Claire Cock-Starkey on the Art of Factual Storytelling


  • administrators

    There are universal truths to writing that transcend genre and style

    Click here to see the full blog post


  • Plotist Team: Timeline Master

    "Content is all well and good, but how do you work around writing solely on one subject for non-fiction when you discover something interesting you want to include? Claire keeps an amazing collection of interesting titbits to use in her books, though some end up as mere footnotes instead. For her book Penguins, Pineapples and Pangolins, where she writes about European explorers’ first encounters with food, animals, and people, she added a footnote about bamboo: “*Bamboos are traditional classed as male or female; the female variety is hollow and the male has a near solid core.”

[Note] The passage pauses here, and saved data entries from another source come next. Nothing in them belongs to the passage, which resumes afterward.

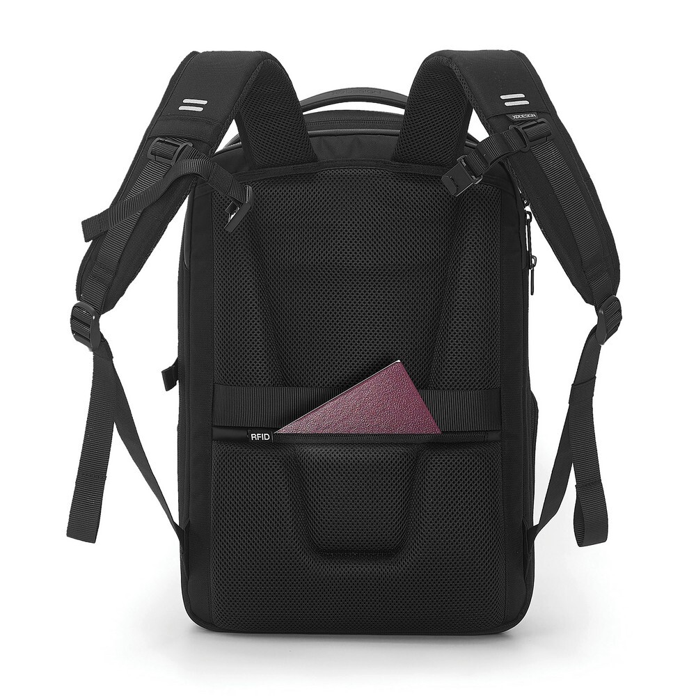 Plecak na laptopa do 16”, przegroda główna otwierana pod kątem 180 stopni, wewnątrz kieszenie z siatki, wiele kieszeni na zewnątrz, kieszeń na butelkę zamykana na magnes, kieszeń z odpinaną smyczą na klucze, wodoodporny, wykonany z materiałów pochodzących z recyklingu, posiada wbudowany znacznik AWARE™, który potwierdza wykorzystanie materiałów z recyklingu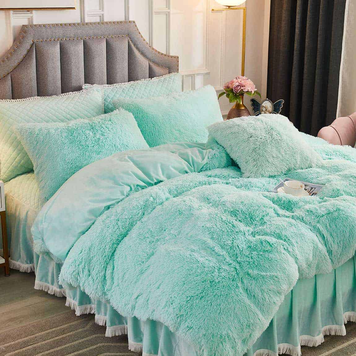 Con un servicio de satisfacción del 100%, este juego de cama es un regalo ideal para todos y es perfecto para cualquier ocasión especial. Decora tu habitación con estilo y comodidad con el juego de cama de lujo de piel sintética larga JAUXIO.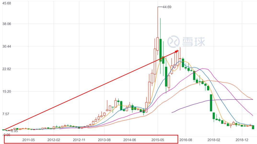 而它的股价也跟随业绩一路大涨,特别是2015年,股价最高翻了4倍: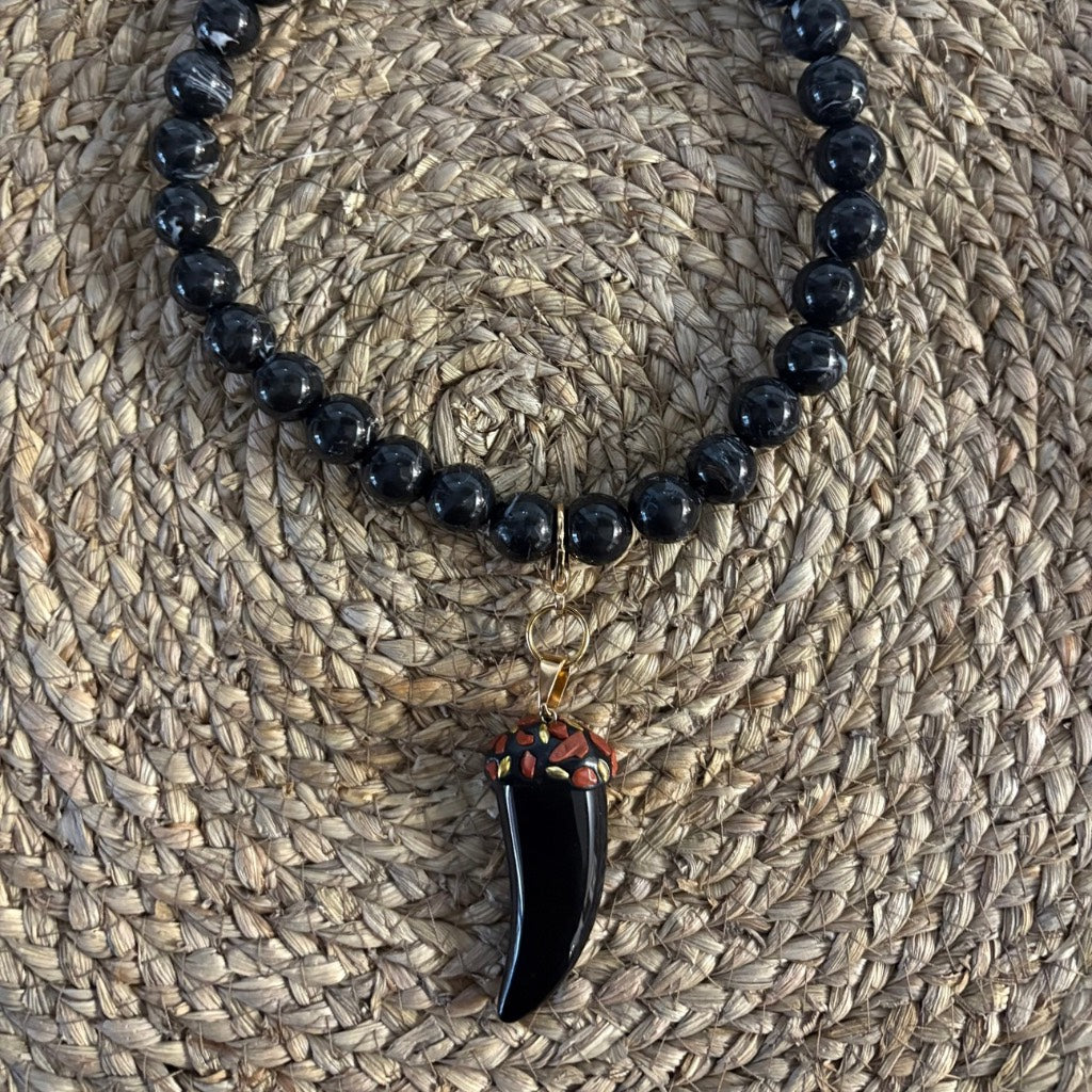 Un clásico reinventado con un toque artístico. Nuestro Collar de Cuentas Esféricas destaca por su sutil efecto jaspeado en tonos negros y grises, imitando la profundidad de las piedras naturales. Sus cuentas perfectamente redondas y pulidas crean una silueta armoniosa y atemporal. Gracias a su cierre ajustable, es el complemento ideal tanto para cuellos de camisa como para escotes abiertos, aportando una sofisticación inmediata.
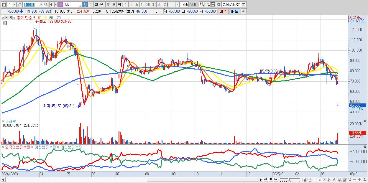 - HLB (46,500원 ▼ -29.97% , 시총: 61,095억, 거래량: 10,888,340, 거래대금:5,112억)

    I think this is definitely something that fiction writers should be doing more. Much of the fiction that I come to really love, or that really stands out, includes these kinds of "titbits" - I remember loving Ruth Ozeki's 'Tale of the Time Being' for having these really beautiful passages that were basically 'tidbits' not relating to the overarching plot, like discussing ocean gyres and their measurements (makes me want to go back and find this passage!) And a new author I love, Sarah Moss, drops these kinds of beautiful facts too. I do think it's worth carrying around a little notebook or something for these kinds of things... it might not fit into the story you're currently writing but not to say that it can't be gently dropped into a future one!



  • @Sian I'm still on like Chapter 3, but I know in Mr Norrel and Jonathon Strange, Susanna Clarke uses footnotes to elaborate on things in-world. I started thinking that it would be kind of fun to use footnotes in the future to elaborate on something in-world (though, of course, that means knowing every detail, and I'm too much of a panster in my worlds).


  • Plotist Team: Community Storyteller

    @Sian - For me, it's the little tidbits about fantasy worlds as well. I mean I may have no idea what a grinberry is, but if a character tosses out a statement about it (almost like a footnote) the world feels that much more real to me.